* The problem: Each line of the data below between the one containing "WHOOD - Écoquartier Villefranche-sur-Saône" and the one containing "3 Caterina Curzola", both included, is to be repeated exactly. Please omit pictures.
*** Materials provided ***
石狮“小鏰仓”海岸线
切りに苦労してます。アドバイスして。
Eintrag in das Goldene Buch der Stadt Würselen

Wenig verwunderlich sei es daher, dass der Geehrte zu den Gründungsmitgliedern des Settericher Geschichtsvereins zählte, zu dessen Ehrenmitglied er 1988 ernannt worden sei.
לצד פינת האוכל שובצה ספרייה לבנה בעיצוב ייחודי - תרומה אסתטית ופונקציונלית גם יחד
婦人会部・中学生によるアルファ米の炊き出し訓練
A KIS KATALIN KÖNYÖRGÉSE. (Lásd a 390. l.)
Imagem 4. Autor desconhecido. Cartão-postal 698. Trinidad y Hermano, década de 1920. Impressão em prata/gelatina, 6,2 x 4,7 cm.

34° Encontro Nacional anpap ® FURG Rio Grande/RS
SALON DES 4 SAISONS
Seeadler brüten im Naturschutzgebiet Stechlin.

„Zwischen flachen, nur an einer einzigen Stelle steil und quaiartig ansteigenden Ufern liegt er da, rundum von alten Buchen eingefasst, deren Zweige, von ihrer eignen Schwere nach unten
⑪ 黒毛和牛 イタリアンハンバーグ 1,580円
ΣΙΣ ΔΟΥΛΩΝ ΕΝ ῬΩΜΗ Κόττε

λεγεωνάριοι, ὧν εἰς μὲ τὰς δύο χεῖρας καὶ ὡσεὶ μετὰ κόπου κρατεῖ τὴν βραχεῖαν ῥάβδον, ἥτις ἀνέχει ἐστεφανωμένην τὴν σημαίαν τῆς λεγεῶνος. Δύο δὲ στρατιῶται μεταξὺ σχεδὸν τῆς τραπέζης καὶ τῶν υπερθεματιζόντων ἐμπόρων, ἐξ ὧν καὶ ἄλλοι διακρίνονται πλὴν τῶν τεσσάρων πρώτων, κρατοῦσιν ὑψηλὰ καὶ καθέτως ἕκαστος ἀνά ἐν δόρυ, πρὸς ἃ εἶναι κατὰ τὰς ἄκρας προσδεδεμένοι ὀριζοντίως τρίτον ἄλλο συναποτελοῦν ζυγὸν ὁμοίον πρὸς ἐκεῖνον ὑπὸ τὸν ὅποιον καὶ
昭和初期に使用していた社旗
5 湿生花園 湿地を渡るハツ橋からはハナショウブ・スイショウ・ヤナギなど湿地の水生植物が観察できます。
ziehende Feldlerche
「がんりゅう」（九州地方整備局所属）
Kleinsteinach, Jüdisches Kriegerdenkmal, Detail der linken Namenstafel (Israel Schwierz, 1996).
*** End of Materials provided ***
*** Materials provided ***
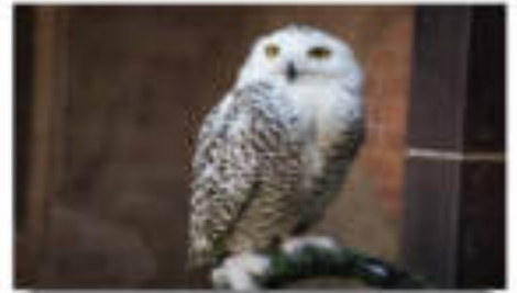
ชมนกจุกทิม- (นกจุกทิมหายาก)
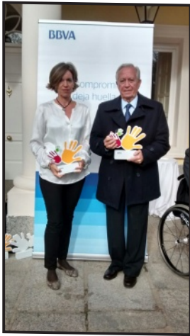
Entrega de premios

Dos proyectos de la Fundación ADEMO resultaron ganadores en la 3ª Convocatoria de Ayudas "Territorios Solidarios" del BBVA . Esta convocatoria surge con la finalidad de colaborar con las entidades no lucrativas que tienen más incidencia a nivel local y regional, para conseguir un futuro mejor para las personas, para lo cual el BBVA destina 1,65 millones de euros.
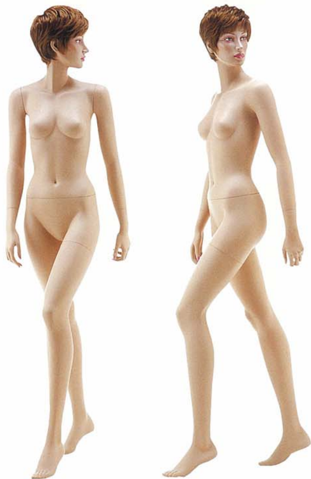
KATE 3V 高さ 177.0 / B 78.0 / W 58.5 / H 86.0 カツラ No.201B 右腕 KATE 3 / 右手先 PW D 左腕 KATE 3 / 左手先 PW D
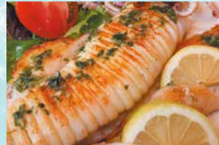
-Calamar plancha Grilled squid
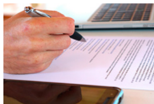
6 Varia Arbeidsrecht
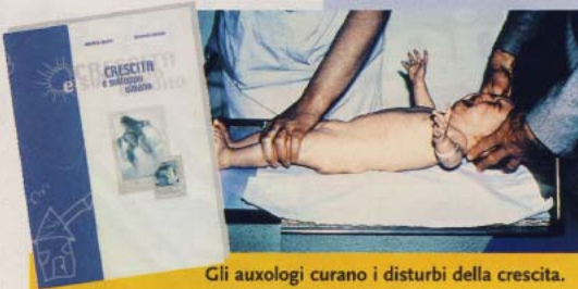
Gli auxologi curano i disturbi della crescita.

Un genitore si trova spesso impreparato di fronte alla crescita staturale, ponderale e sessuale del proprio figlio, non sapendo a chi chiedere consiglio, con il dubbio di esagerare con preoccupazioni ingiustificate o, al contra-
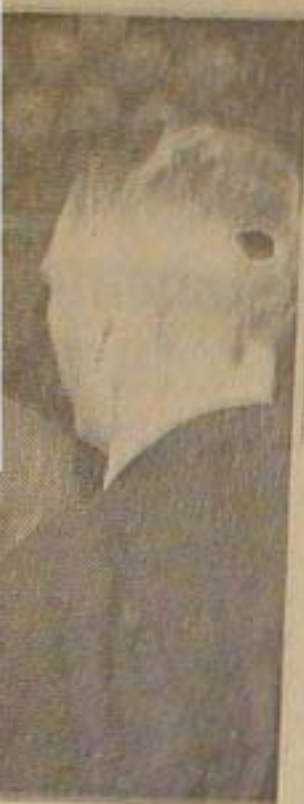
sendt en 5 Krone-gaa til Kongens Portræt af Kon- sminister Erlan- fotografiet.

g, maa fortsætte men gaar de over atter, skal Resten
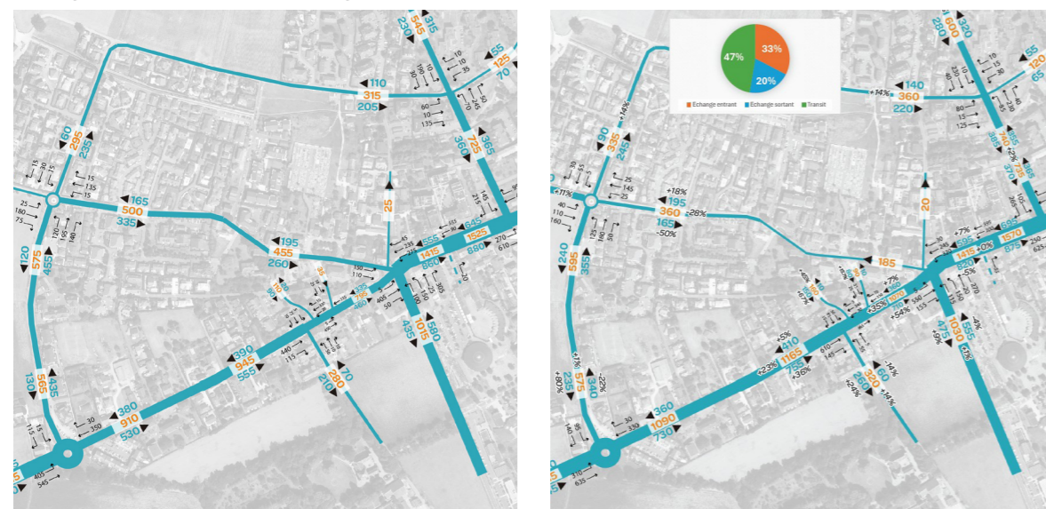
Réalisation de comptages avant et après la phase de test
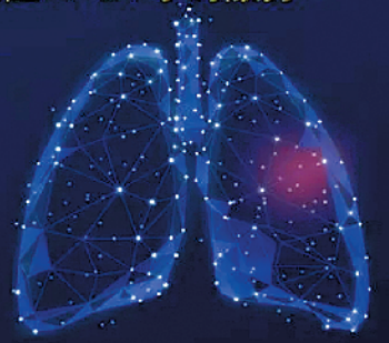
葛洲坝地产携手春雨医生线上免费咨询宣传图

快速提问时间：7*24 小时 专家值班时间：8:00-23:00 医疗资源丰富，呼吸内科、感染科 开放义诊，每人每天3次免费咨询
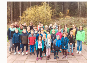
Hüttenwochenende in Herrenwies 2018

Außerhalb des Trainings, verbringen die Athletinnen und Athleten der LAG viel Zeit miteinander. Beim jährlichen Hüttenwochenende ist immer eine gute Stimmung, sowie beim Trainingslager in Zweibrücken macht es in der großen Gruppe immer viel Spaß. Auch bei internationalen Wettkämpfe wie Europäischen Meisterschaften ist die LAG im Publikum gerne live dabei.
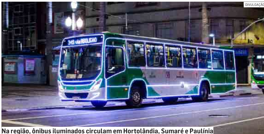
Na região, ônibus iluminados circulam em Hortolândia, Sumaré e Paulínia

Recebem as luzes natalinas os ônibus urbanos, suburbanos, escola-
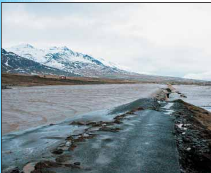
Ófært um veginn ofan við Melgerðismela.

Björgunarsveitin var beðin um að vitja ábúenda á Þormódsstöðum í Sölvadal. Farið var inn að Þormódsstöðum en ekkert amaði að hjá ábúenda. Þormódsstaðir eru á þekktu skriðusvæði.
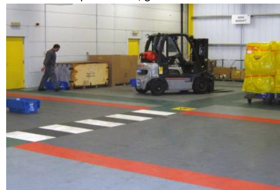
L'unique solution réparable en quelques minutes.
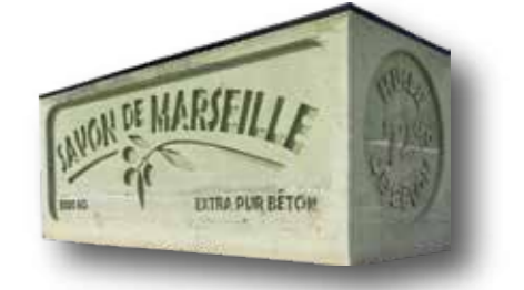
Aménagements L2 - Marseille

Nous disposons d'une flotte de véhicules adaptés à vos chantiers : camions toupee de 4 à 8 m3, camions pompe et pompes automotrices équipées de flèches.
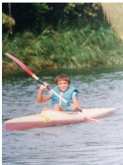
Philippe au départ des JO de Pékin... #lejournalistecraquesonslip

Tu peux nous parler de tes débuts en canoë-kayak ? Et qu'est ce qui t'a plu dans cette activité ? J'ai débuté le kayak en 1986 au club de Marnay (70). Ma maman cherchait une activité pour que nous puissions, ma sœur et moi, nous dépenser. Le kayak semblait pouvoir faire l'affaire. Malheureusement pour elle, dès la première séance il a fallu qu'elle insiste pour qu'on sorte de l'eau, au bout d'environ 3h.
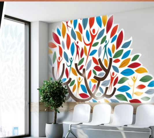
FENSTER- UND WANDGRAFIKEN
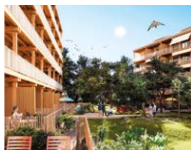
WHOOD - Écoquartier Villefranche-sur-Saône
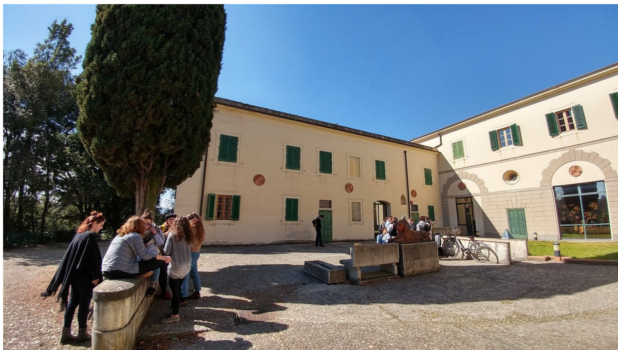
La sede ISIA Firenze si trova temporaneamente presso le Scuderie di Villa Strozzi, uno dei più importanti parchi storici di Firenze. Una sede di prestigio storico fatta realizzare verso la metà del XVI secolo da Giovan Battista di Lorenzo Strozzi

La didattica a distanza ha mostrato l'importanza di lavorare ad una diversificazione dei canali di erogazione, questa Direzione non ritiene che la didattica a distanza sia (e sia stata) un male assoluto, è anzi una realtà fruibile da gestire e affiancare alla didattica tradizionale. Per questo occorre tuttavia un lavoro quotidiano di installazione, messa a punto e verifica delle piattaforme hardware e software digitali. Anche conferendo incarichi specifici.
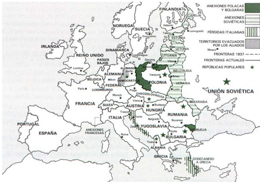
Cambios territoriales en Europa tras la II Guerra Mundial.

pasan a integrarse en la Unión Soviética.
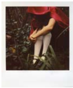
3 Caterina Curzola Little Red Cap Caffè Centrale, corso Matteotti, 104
*** End of Materials provided ***
*** Materials provided ***
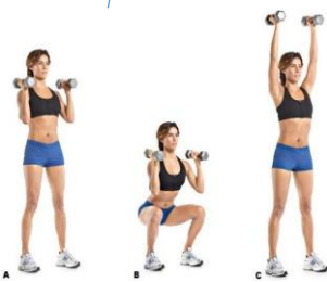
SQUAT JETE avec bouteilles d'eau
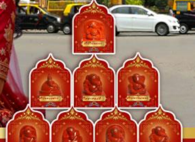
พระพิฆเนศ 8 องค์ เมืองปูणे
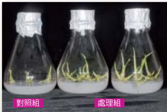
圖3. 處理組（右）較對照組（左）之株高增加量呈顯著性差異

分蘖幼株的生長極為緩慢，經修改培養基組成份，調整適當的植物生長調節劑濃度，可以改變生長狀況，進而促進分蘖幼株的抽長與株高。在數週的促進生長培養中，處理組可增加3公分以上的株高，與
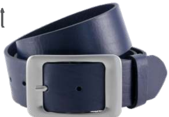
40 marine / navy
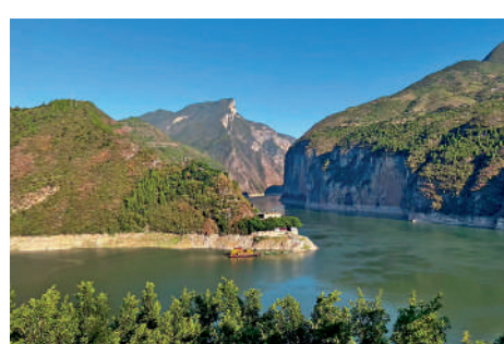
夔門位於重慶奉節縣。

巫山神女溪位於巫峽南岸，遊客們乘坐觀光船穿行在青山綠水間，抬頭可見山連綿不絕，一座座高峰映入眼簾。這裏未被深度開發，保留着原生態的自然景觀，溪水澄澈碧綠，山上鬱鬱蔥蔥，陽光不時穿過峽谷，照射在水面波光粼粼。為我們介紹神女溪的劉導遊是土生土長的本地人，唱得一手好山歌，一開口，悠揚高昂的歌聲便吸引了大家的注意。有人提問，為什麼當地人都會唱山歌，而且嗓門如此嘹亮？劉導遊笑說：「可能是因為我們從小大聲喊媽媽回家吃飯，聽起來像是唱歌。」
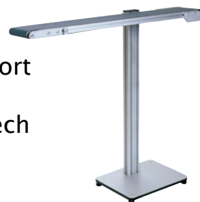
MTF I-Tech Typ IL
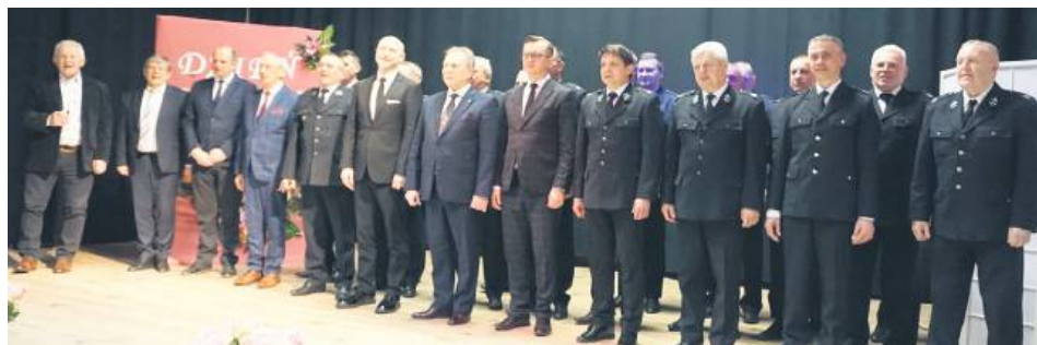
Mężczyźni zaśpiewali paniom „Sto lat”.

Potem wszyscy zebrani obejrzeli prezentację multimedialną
*** End of Materials provided ***
* Reply:
WHOOD - Écoquartier Villefranche-sur-Saône
La sede ISIA Firenze si trova temporaneamente presso le Scuderie di Villa Strozzi, uno dei più importanti parchi storici di Firenze. Una sede di prestigio storico fatta realizzare verso la metà del XVI secolo da Giovan Battista di Lorenzo Strozzi

La didattica a distanza ha mostrato l'importanza di lavorare ad una diversificazione dei canali di erogazione, questa Direzione non ritiene che la didattica a distanza sia (e sia stata) un male assoluto, è anzi una realtà fruibile da gestire e affiancare alla didattica tradizionale. Per questo occorre tuttavia un lavoro quotidiano di installazione, messa a punto e verifica delle piattaforme hardware e software digitali. Anche conferendo incarichi specifici.
Cambios territoriales en Europa tras la II Guerra Mundial.

pasan a integrarse en la Unión Soviética.
3 Caterina Curzola Little Red Cap Caffè Centrale, corso Matteotti, 104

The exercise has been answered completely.